Column by Terry Berkson: BEAR!

Column by Terry Berkson


There was an orientation video playing while Alice and I were signing in for a cabin in California’s Sequoia National Park. It gave a lot of information about bears. The narrator warned not to leave any food in your car. Then they showed a bear ripping off a station wagon’s door to get at the goodies some careless visitors had left behind. It was impressive how agile this lumbering animal was. I noticed that Alice was paying close attention to all that was said.

Naturally, we transferred all edibles to our assigned cabin that, to me, seemed less secure than the PT Cruiser we had rented. Alice looked a bit alarmed when she inspected the lock on the door. I had seen better security on outhouses. “Maybe we should have stayed at a motel,” my wife mused.

Later, when I returned to the cabin with another load from the car, I scratched instead of knocked on the door. Alice opened it with a raised hiking boot in her hand and threatened to brain me. “Okay,” I said. “I won’t fool around anymore.”

Unfortunately, there were Pilgrims wherever we went. In spite of the high elevation and the gigantic trees, the atmosphere reminded me of taking a walk through Central Park. I wanted a wilderness experience, so I convinced Alice that to really feel the spirit of Sequoia, we had to take one of the less frequented trails. “Okay,” she said. “But I’m not going without some rocks.”


“Yes. The video said that if a bear approaches you, throw rocks at him and he’ll go away.”

We wandered around until we found a quiet trail. The path was steep and meandered east to west as we climbed a mountain. A sign had said that if we made it to the top we would be rewarded with a magnificent overlook. Alice had her camera hanging from a strap around her neck. She also had a rock in each hand. About twenty minutes into our hike I spotted a big buck in velvet. “Give me your camera,” I whispered while showing her the deer that was about thirty yards off and on a shelf just below us. A minute later, some movement behind a fallen tree caught my eye. When I focused in I saw that it was a bear, a big bear! Foraging for food. I turned to Alice and mouthed, “Bear!”
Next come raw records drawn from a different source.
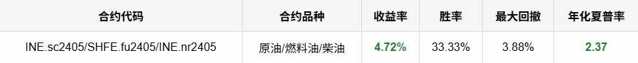 - 交易品种: INE.sc2405/SHFE.fu2405/INE.nr2405
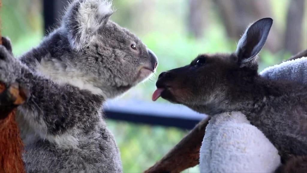 Koalan ja kengurun välinen ystävyys on melko harvinaista. Australialaisessa eläintarhassa Frankie-kengurusta ja Ash-koalasta on kuitenkin tullut parhaat ystävät.
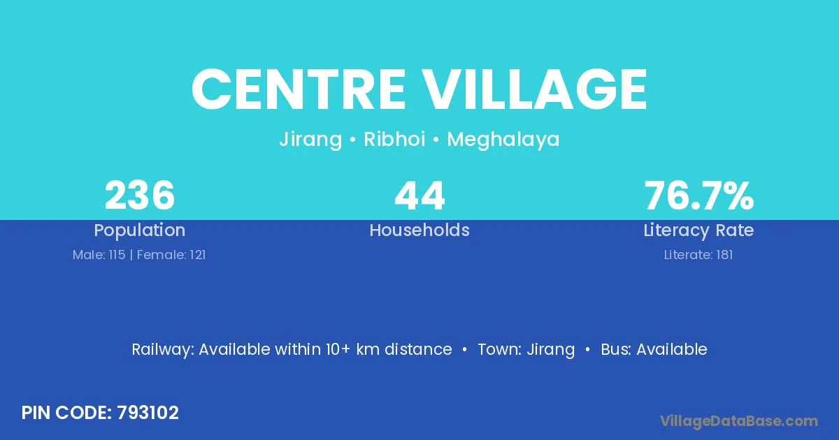 According to Census 2011 information, the village code of Centre Village village is 793102.
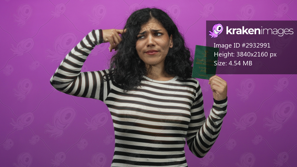 Young arab woman holds saudi passport and points finger to head in purple studio; confusion travel uncertainty.
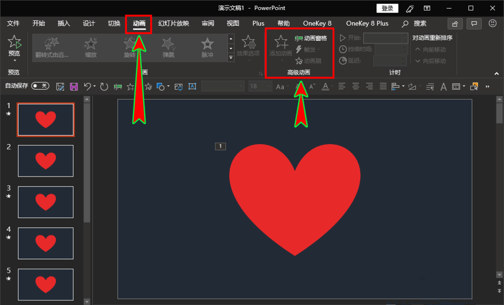 确实设置了动画效果,但是无法正常播放,这时点击软件菜单栏的"动画"——"高级动画"选项,如图,
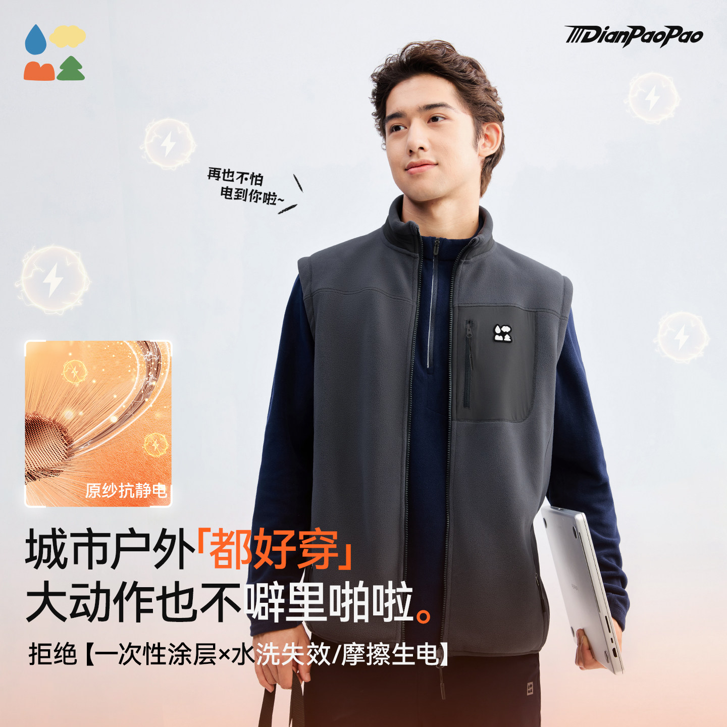 天猫【电跑跑】森林棠「撞色口袋」26款抗静电男式立领加厚抓绒马甲
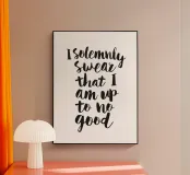 La stampa tipografica I Solemnly Swear That I Am Up to No Good presenta un'audace scritta disegnata a mano in nero su uno sfondo bianco. Questa dichiarazione maliziosa, ispirata al magico mondo di Harry Potter, aggiunge un tocco giocoso a qualsiasi stanza. Perfetta per i fan della serie o per chiunque abbia uno spirito ribelle, questa stampa accattivante fa la sua figura in case, uffici o dormitori. Il contrasto netto e il design elegante la rendono adatta a diversi stili di arredamento, dal moderno all'eclettico.
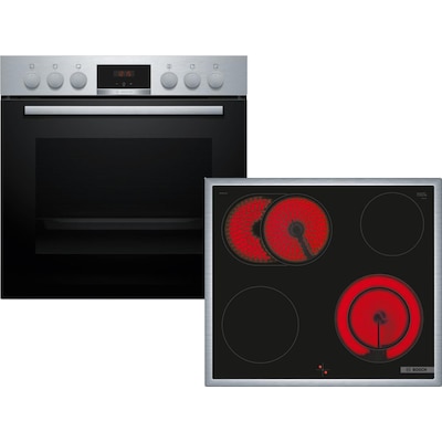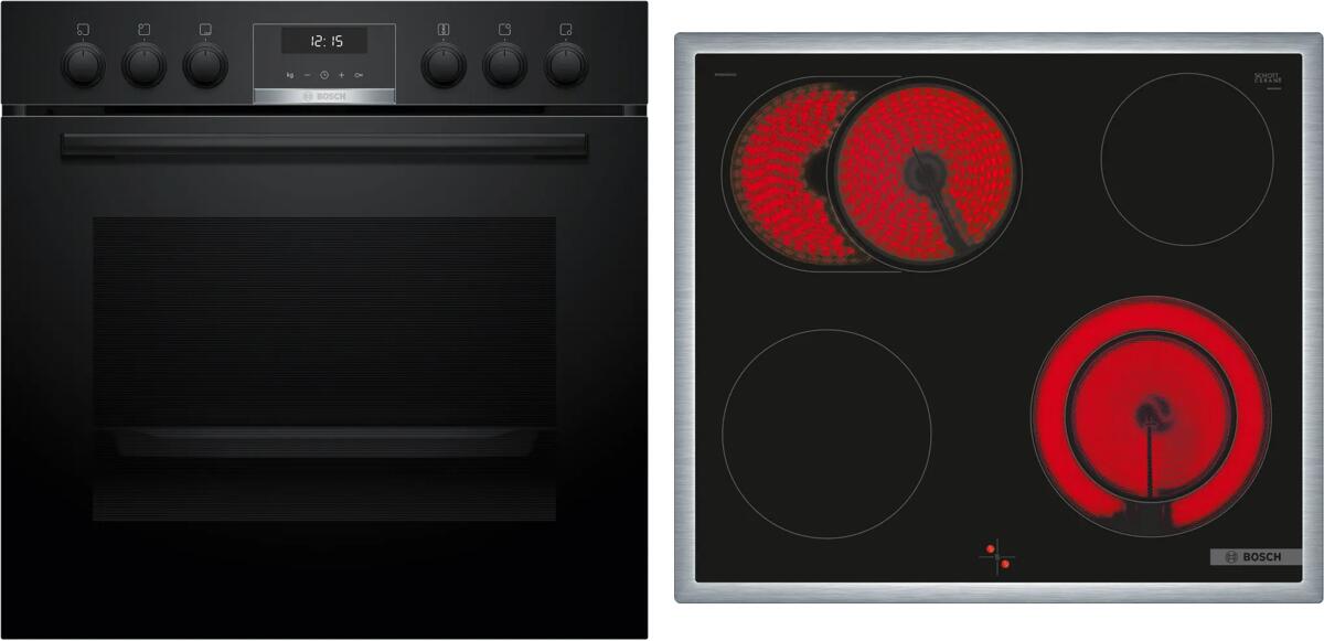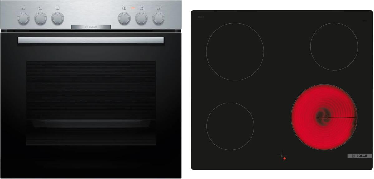 Bosch HND210CS63 EEK: A Einbau-Herd-Set mit Elektro-Kochfeld (HEA510BS3 + NKE611GA2E), 60 breite, 71 L, 3D-Heißluft, Versenkknebel, Kindersicherung, R

She smirked and dismissed my announcement with a wave of her rock-filled hand. Again, I mouthed, “Bear!” while shaking my head yes. Alice’s mouth dropped open. By now the bear was out from behind the tree. I was excited and could hardly hold the camera still as I clicked in rapid fire. It occurred to me that we had no protection — except for Alice’s rocks that were already airborne when I turned to check on her. She had dumped them and was now in speedy retreat. I looked back at the bear who was eyeing me with an expression that said, “Who you lookin’ at?” Our eyes were locked together. I remembered hearing something in the bear video about making yourself look big, so I shot my arms over my head and shook them like King Kong. I yelled, “Stay! Stay! Don’t you dare run!”

In my mind, that bear was a great big dog and I knew the best way to make a dog bite you was to run from him. The brute checked me out for a moment and then decided I wasn’t worth the trouble, so he moved on as I slowly backed away. “I got three shots of him!” I proudly called down to Alice who looked quite upset as I drew near.

“Why were you yelling at me?” she asked.

“I wasn’t yelling at you!”

“Oh yes you were! You shouted, “Stay! Don’t run!”

“That was to the bear,” I offered. “I wanted to get his picture.”

My wife looked at me sideways. Actually, making a lot of noise was another suggestion on the video. I was trying to play down the encounter so that Alice would continue with the hike, but rocks or no rocks there was no way I could convince her to continue on up the mountain.